Editor’s note: Three hundred years ago this year, the first presbytery was organized in what became the United States of America. This article is the first in a series exploring the historical overview of the Presbyterian presence in our country
Three hundred years. That’s how long it has been since the first presbytery was organized by Francis Makemie (c. 1658-1708). Has anything remained the same through the years?
When reflecting on major changes in Presbyterian faith and life in America over the centuries, my thoughts focus immediately on my own ancestry. The first James Smylie landed on the Carolina Coast in the very early years of the eighteenth century. Over time these Smylies multiplied and gradually found their way to and settled in Mississippi Territory. I am descended from a John Smylie, brother of another James who made history, not the best kind of history. He wrote a pro-slavery tract in the 1830s which some contemporaries considered the “first shot” of the Civil War. Migrants from the British Isles, in the Smylies’ case from Scotland and Northern Ireland, began to flow across the Atlantic in the latter part of the seventeenth and early eighteenth centuries. They faced the challenges of settlement up and down the eastern seacoast. Clergyman and entrepreneur Francis Makemie (c.1658-1708) helped us adjust. In his A Plain and Friendly Persuasive . . . for Promoting Towns and Cohabitation (1705) he urged migrants to move, in this case, to the west and south, in order to establish towns, churches, schools, and businesses. He even suggested that people in the new world might become strong enough one day to separate from the mother country — although he did not encourage it.
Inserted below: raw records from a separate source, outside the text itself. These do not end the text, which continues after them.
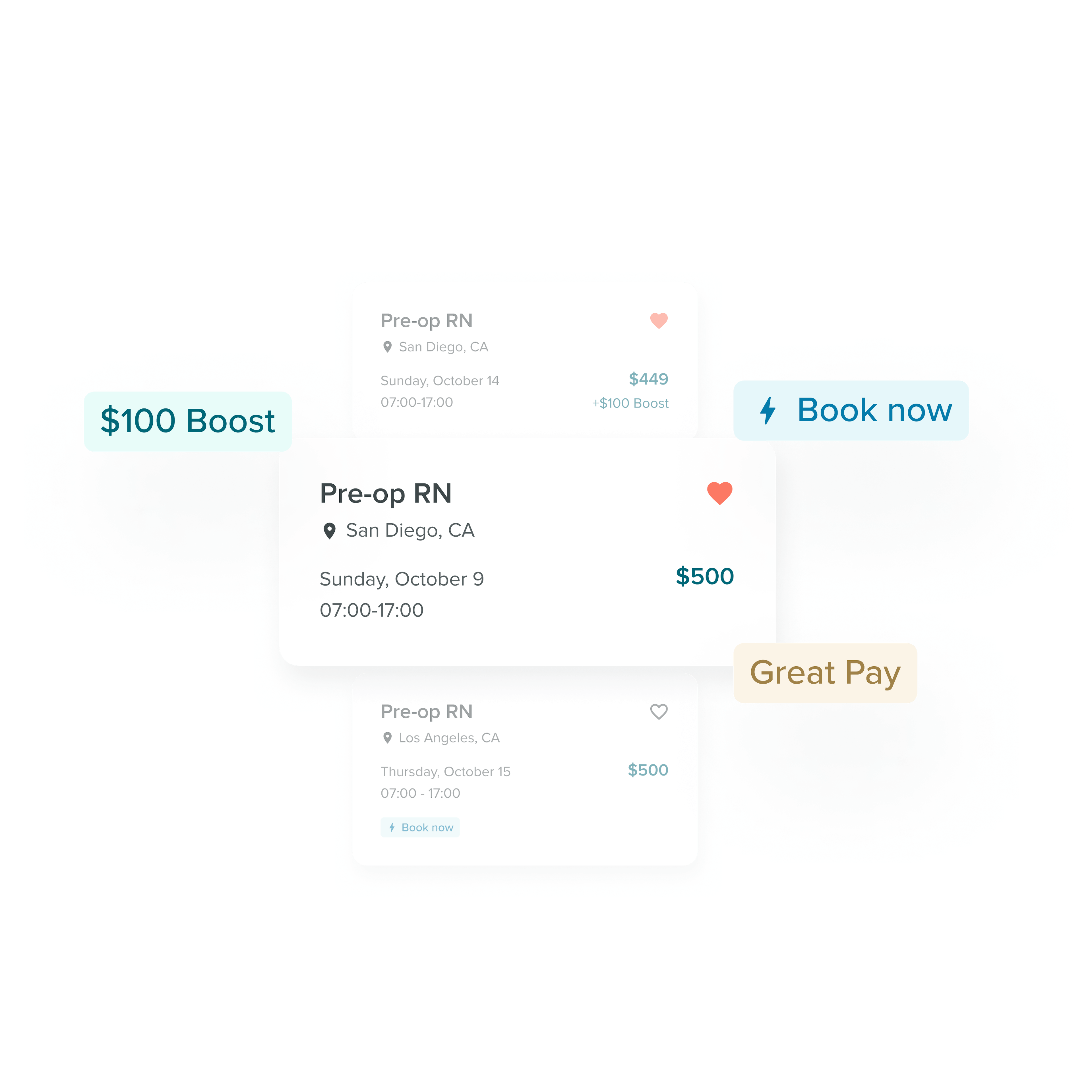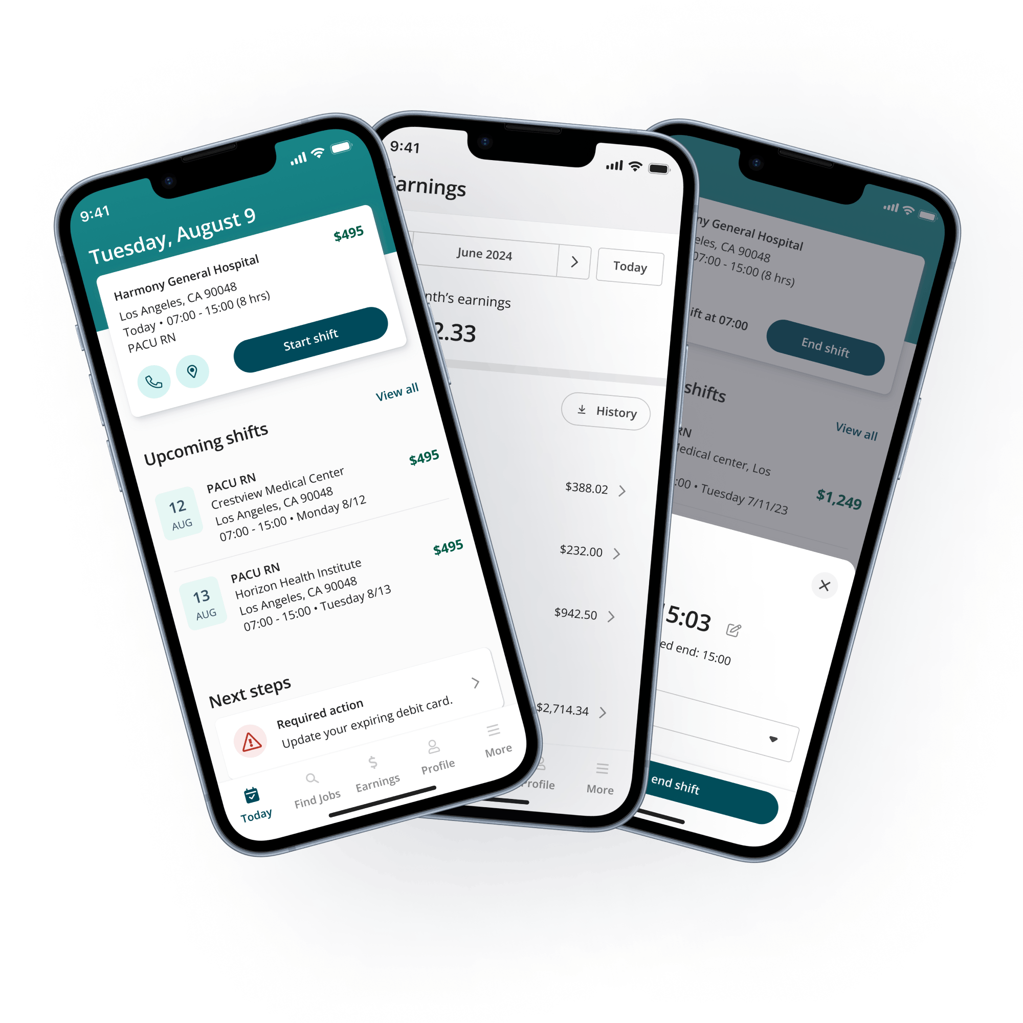 Use our app to track your earnings and manage payouts. Multiple pay dates per week for per diem shifts mean shorter wait times for payment.
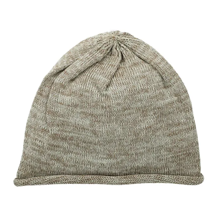 メランジ調に糸を引き揃え裾をロールアップさせたビーニー。洗っても型崩れしにくい、しっかりとした編み地。素材は麻混糸のため夏でも快適。
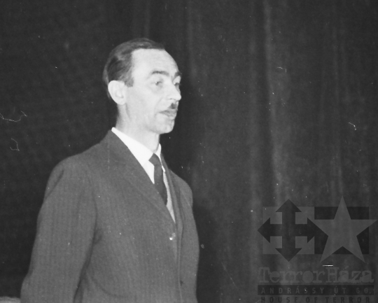 AZONOSÍTÓ: THM-BJ-00717 Férfi beszédet mond - transzparensen felirat: "Munkánk minőségének és hatékonyságának javításával, többletvállalásokkal készülünk a NAGY OKT. SZOC. FORR. 60. évfordulójára". [Az októberi orosz forradalom (kommunista propagandában: nagy októberi szocialista forradalom) 1917. november 6–12. (október 24–30.) között zajlott, amelynek során a bolsevikok a Téli Palota ostroma után az ott székelő Ideiglenes Kormány tagjait letartóztatták, és Lenin vezetésével, akit a Népbiztosok Tanácsa elnökévé választottak, puccsal átvették a hatalmat. Hazánkban ez a nap 1950-től 1989-ig pártállami ünnep volt.] [A szocialista brigádmozgalom szovjet mintára az 1950-es évek végén kezdett kibontakozni Magyarországon, és rendszerváltoztatáskor szűnt meg. Kezdetben csak az ipari üzemekben és gyárakban alakultak meg a brigádok, majd az agráriumban és a hivatali szférában is létrejöttek. A mozgalom jelszava: „Szocialista módon dolgozni, tanulni és élni” volt.] HELYSZÍN: Szekszárd, Tolna megye DÁTUM: 1977 FOTÓS: Bakó Jenő

He recommended putting drunks, or “sots,” in stocks until they behaved. Makemie argued with the Anglican authorities, and won the right to settle and build churches. In 1706 he organized the first presbytery in Philadelphia and began raising up “meeting houses” (dissenters could not use the term church in some places, a term reserved for Anglicans). He prepared ministers to pastor the wave after wave of immigrants who flowed into the colonies. After some debate, members of the church agreed to an Adopting Act (1729) in which they embraced the Westminster Confession and Catechisms as being “in all essential and necessary articles, good forms of sound words and systems of Christian Doctrine,” leaving the Presbytery the right to settle disagreements over interpretation of the documents.
William and Gilbert Tennent began a “Log College,” as it was called, to educate laity and clergy in the new land. In the 1730s and 1740s, under the influence of the great preacher George Whitefield, a Reformed Anglican who visited the colonies, the Tennents helped stir what is known as the First Great Awakening. It was a divisive experience for the church. The Tennents criticized other clergy as “unconverted ministers,” “dead dogs,” indeed the “blind leading the blind.” Other clergy, for example, Francis Alison of Philadelphia, were more cautious. Unfortunately, the church experienced its first split in 1741, the “Old Side” versus the “New Side.”
Two clergy emerge as key spokesmen for Calvinism and Presbyterians in this period. They are remembered by many even to this day. Jonathan Edwards (1703-1758), a New Englander with Presbyterian sympathies, pastored a Congregational Church in Northampton, Mass. He warned about the dangers of “sinners in the hands of an angry God,” and stirred a revival. He also proclaimed the mercies of a loving God and wrote about Christian experiences in such celebrated studies as Religious Affections (1756). In Virginia, Samuel Davies, established “meeting houses” across Virginia, preaching the South awake, in sermons which are still read — and, perhaps, preached.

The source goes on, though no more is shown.